High noon, high drama - members pay a visit to the ladies of Litchfield at lunch. When viewing schedules are set by people and not programmers, lunchtime becomes no binging exception. Across the world, drama accounts for nearly half (47%) of viewing between noon and 2PM (an increase of 5% compared to the rest of the day) to the likes of Orange is the New Black, Narcos and Sherlock. Midday streaming is especially prevalent in Brazil where members are 25% more likely to watch at this time compared to the rest of the world - who says drama series are strictly evening fare?

Taking the Netflix binge on the road - members in India catch up on House of Cards during their daily commute.
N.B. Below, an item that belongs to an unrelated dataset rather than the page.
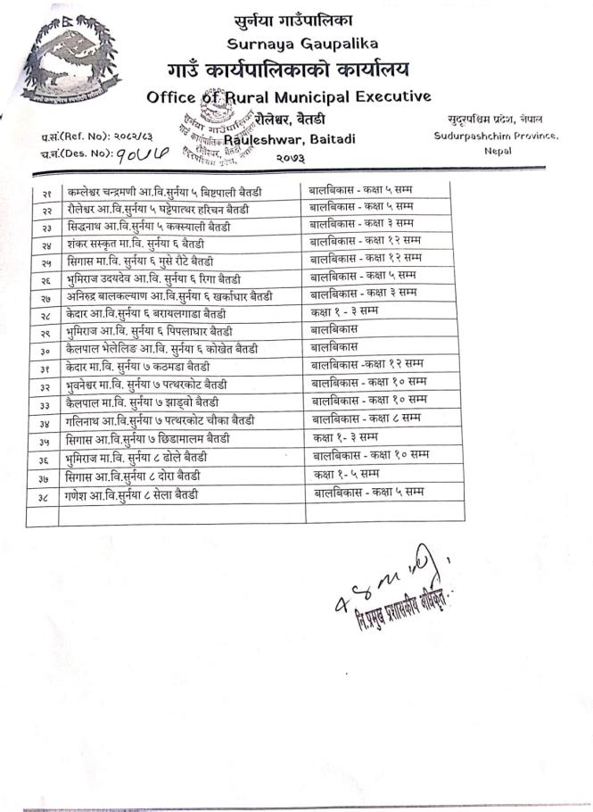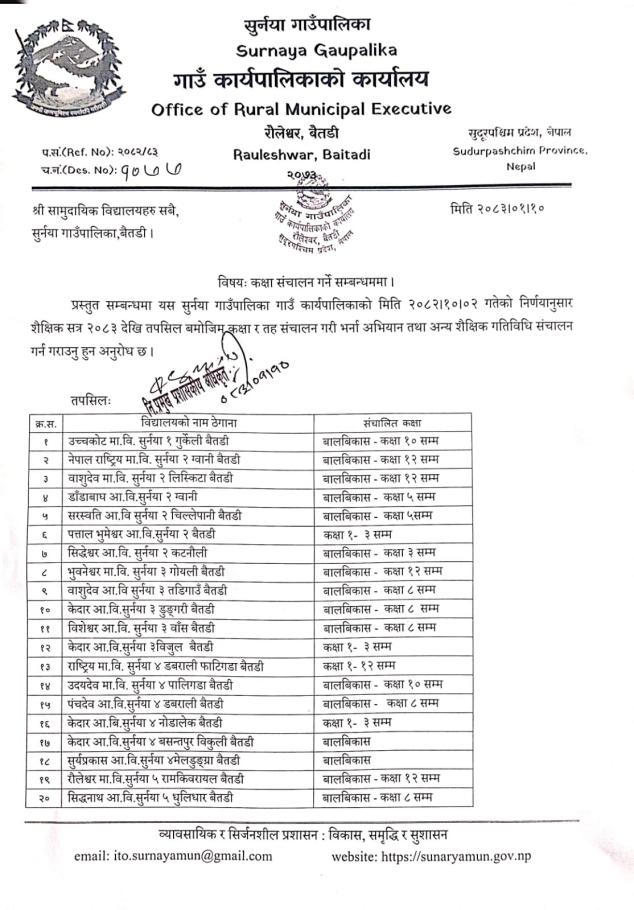 कक्षा संचालन गर्ने सम्बन्धममा ।
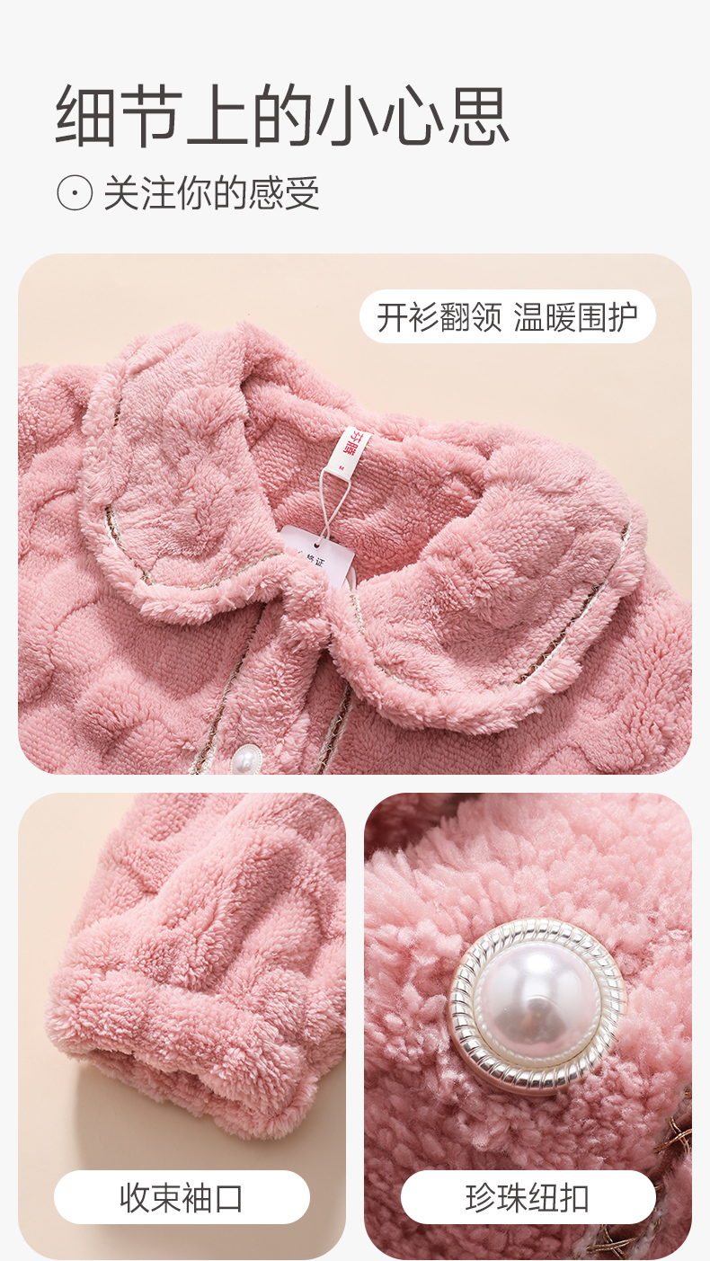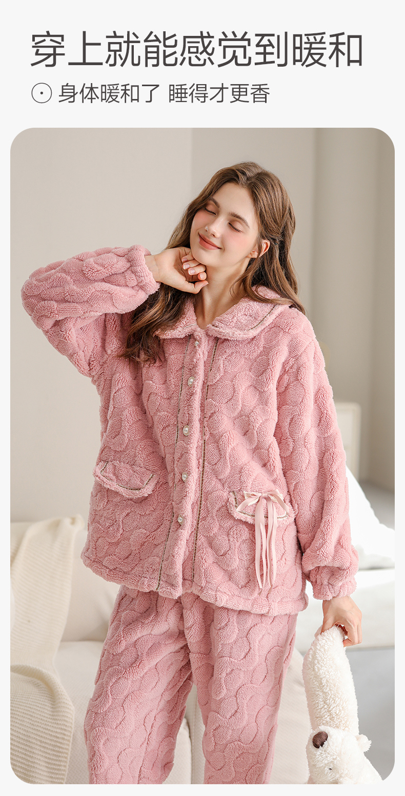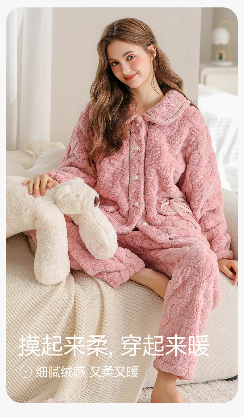芬腾秋冬季珊瑚绒女士睡衣加绒加厚套装新款宽松大码法兰绒家居服

Workers in India are kicking off the daily grind with characters like Frank and Claire Underwood from House of Cards, and Harvey and Mike from Suits keeping them company when stuck in bumper-to-bumper traffic. Compared to the rest of the world, India is 82% more likely to stream at 9AM. A behaviour that continues on the 5PM ride home too with the same binge-worthy drama titles.

Opposite genres attract when we watch in bed - members trade the Demogorgon for Kimmy Schmidt. It’s no surprise thrillers like Stranger Things and Breaking Bad are being enjoyed in the evening - globally the genre sees a 27% increase come9PM. But viewers are kicking Walter White and The Demogorgon out of bed and restoring balance with partners like Kimmy Schmidt (Unbreakable Kimmy Schmidt) and Dave Chappelle before they hit the hay - apparently members around the world choose to start and end their day with a laugh.

Late nights are for learning - watchers prefer Chef’s Table as a midnight snack. Globally, 15% of streaming happens between midnight and 6AM and even rises as high as 21% in Japan and South Korea. And what these night owl members are watching is not what you think - documentaries see a 24% increase in viewing during this time, including titles like AbstractMaking a Murderer and Planet Earth. The pursuit for quality entertainment (and knowledge) doesn’t dim when the lights go out.

When it comes to defining the new ‘rules’ of TV watching, Frank Underwood said it best: “If you don’t like how the table is set, turn over the table.”

Six months of Netflix streaming data was used for this analysis to draw time of day insights on the following countries: Argentina, Australia, Brazil, Canada, Colombia, Germany, Spain, France, United Kingdom, India, Italy, Japan, South Korea, Mexico, Malaysia, Netherlands, New Zealand, Philippines, Poland, Portugal, Singapore, and United States. Peak viewing hours were identified based on weekday viewing as well as the hours certain genres peaked in relation to the genre’s overall share of daily viewing. Where relevant, data was adjusted to account for timezones.